• WORK ITEM: An exact repeat is needed of the lines from the one with "Witte Miyuki frengels oorhangers" through the last line of the data below. Please omit the pictures.

• SOURCE DATA:
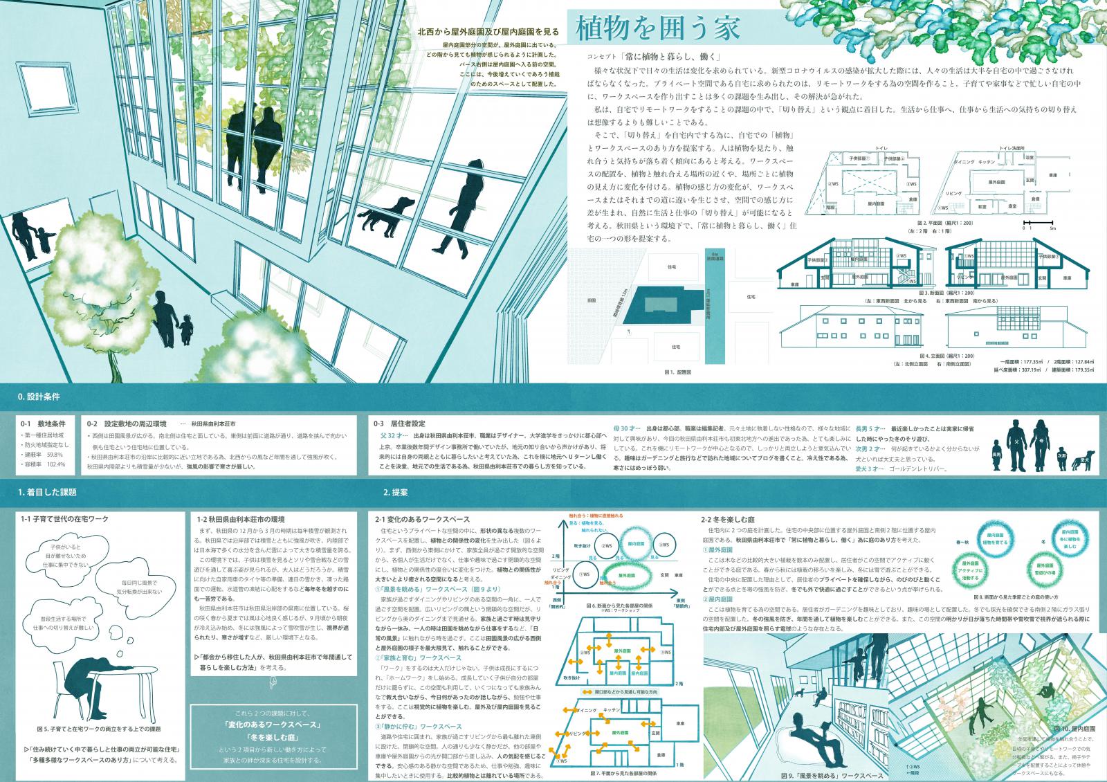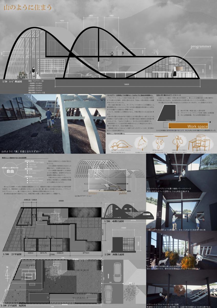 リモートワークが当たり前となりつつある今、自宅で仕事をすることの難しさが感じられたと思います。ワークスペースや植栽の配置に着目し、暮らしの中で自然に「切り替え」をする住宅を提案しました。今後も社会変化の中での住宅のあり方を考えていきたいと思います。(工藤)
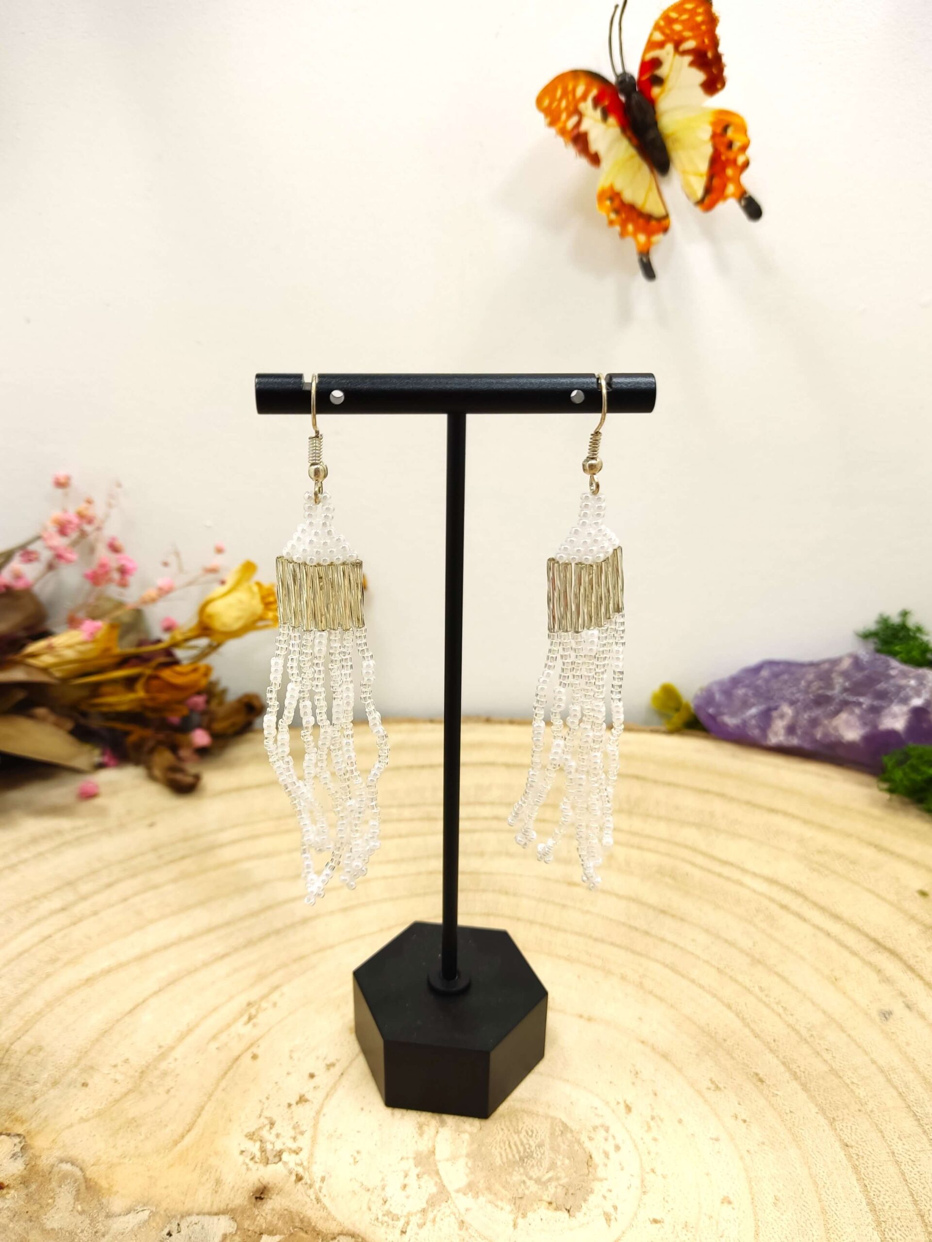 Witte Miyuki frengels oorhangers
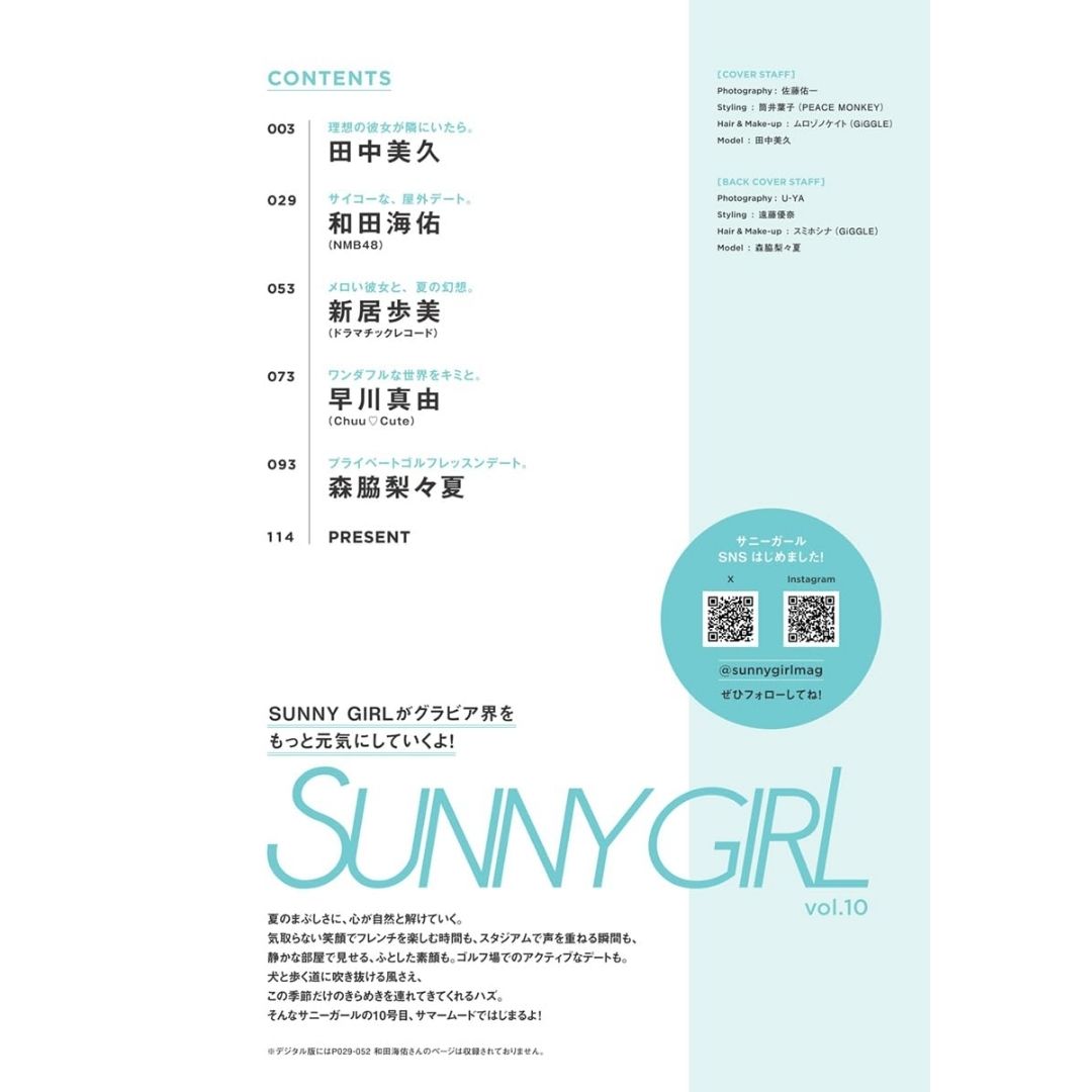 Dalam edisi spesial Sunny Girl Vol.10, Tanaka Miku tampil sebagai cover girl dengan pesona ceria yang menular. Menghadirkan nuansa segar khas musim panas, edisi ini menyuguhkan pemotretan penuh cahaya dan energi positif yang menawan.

• TASK RESULT:
 Witte Miyuki frengels oorhangers
 Dalam edisi spesial Sunny Girl Vol.10, Tanaka Miku tampil sebagai cover girl dengan pesona ceria yang menular. Menghadirkan nuansa segar khas musim panas, edisi ini menyuguhkan pemotretan penuh cahaya dan energi positif yang menawan.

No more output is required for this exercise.